» **What to do**: A word-for-word reproduction of the data below is needed, with no pictures in it.

» **Data segment**:
_____
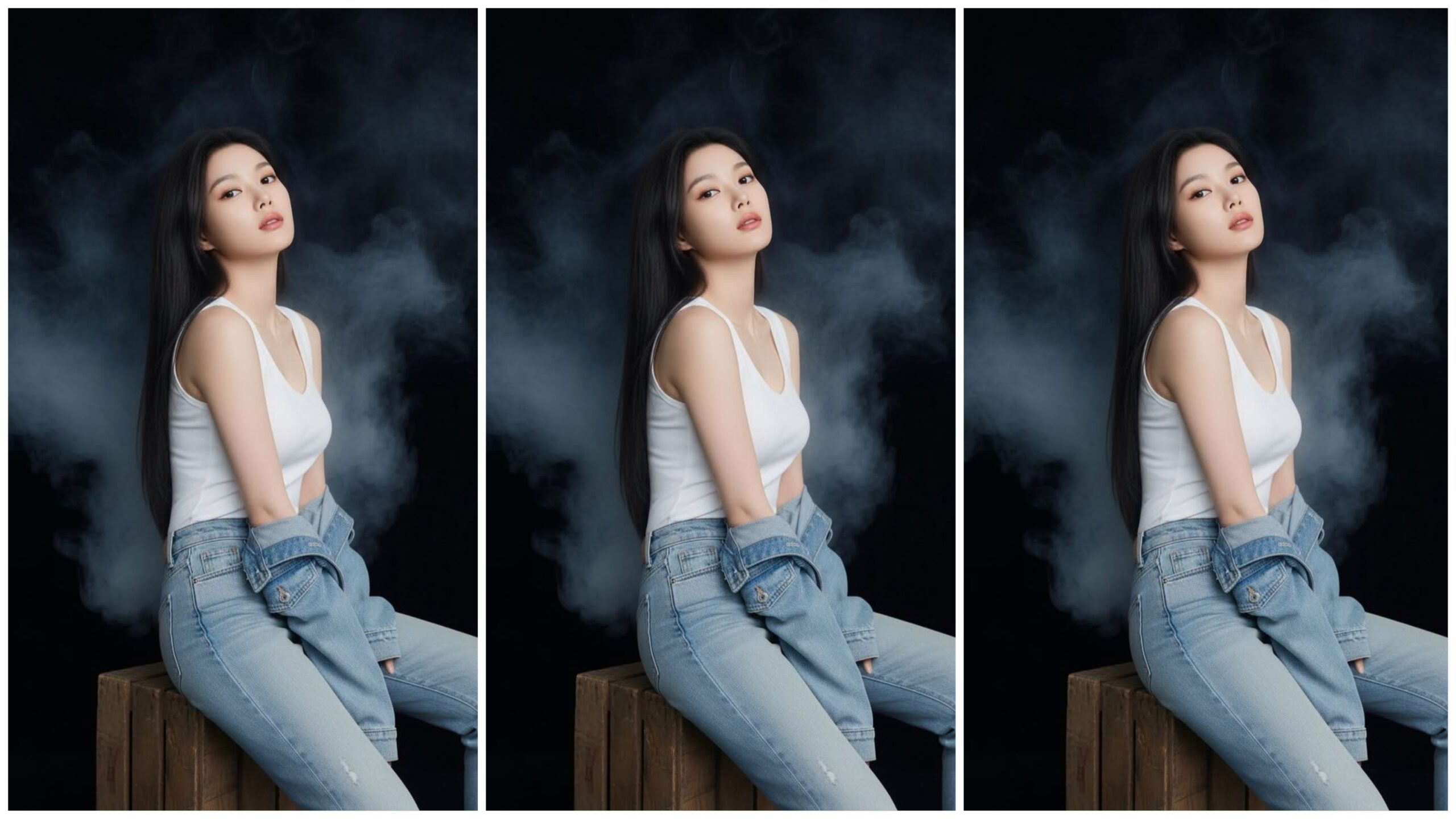 အောင်အေင်ကစကပ်အဖြူလေးကိုအပေါ်သို့လိပ်တင်ထားလိုက်ပြီး
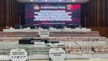 Uang tunai yang disita tersebut dipajang dalam acara tersebut, berupa pecahan Rp 100 ribu dan Rp 50 ribu, yang disusun rapi dalam plastik bening. Selain uang, tim juga memperlihatkan barang bukti digital lainnya.
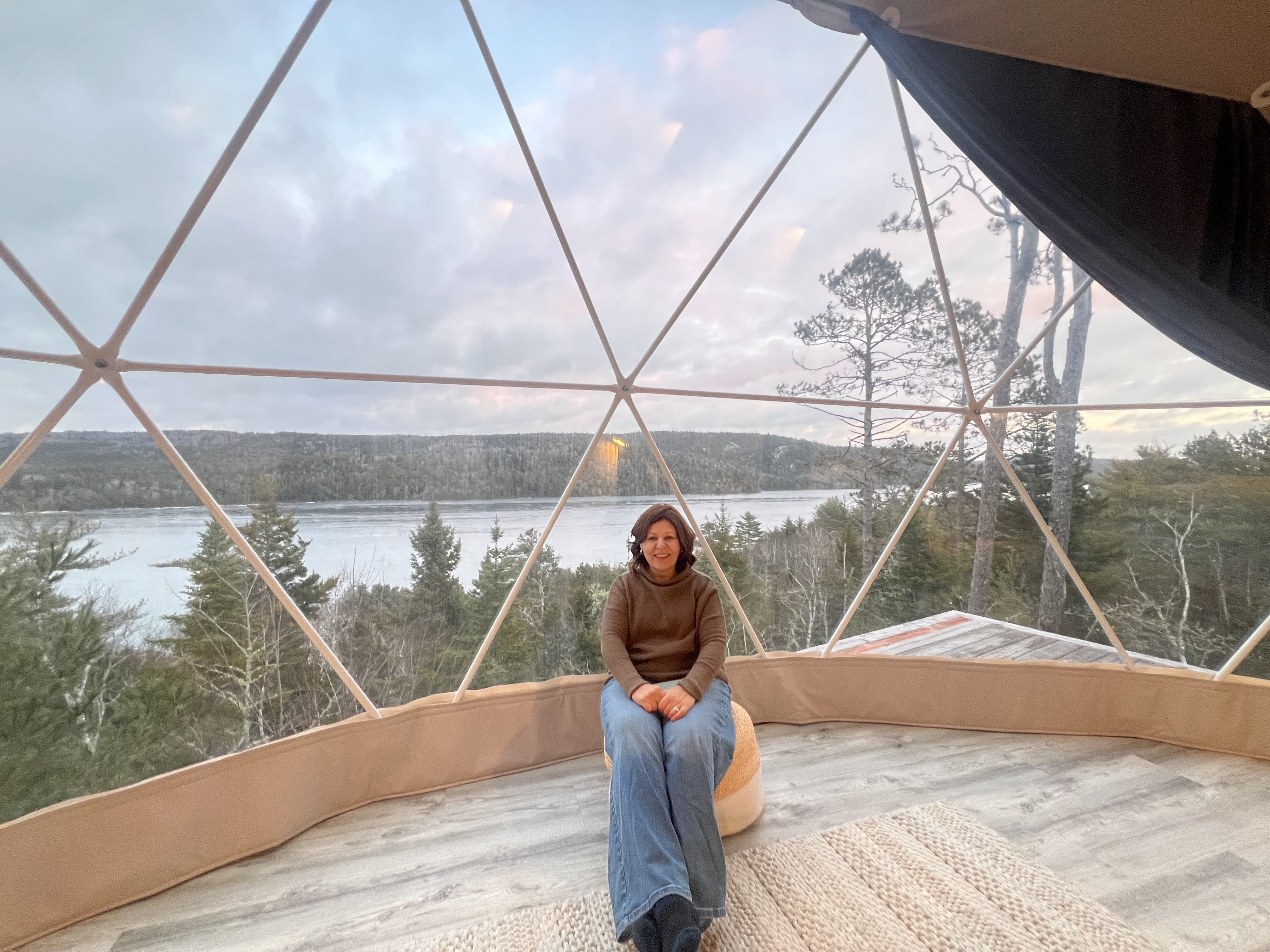 A private, spacious deck extends each dome’s living space outdoors. Outfitted with Muskoka chairs, a fire pit, and a hot tub, it’s an ideal perch for experiencing Mother Nature up close.
_____
» **Response area**:
 အောင်အေင်ကစကပ်အဖြူလေးကိုအပေါ်သို့လိပ်တင်ထားလိုက်ပြီး
 Uang tunai yang disita tersebut dipajang dalam acara tersebut, berupa pecahan Rp 100 ribu dan Rp 50 ribu, yang disusun rapi dalam plastik bening. Selain uang, tim juga memperlihatkan barang bukti digital lainnya.
 A private, spacious deck extends each dome’s living space outdoors. Outfitted with Muskoka chairs, a fire pit, and a hot tub, it’s an ideal perch for experiencing Mother Nature up close.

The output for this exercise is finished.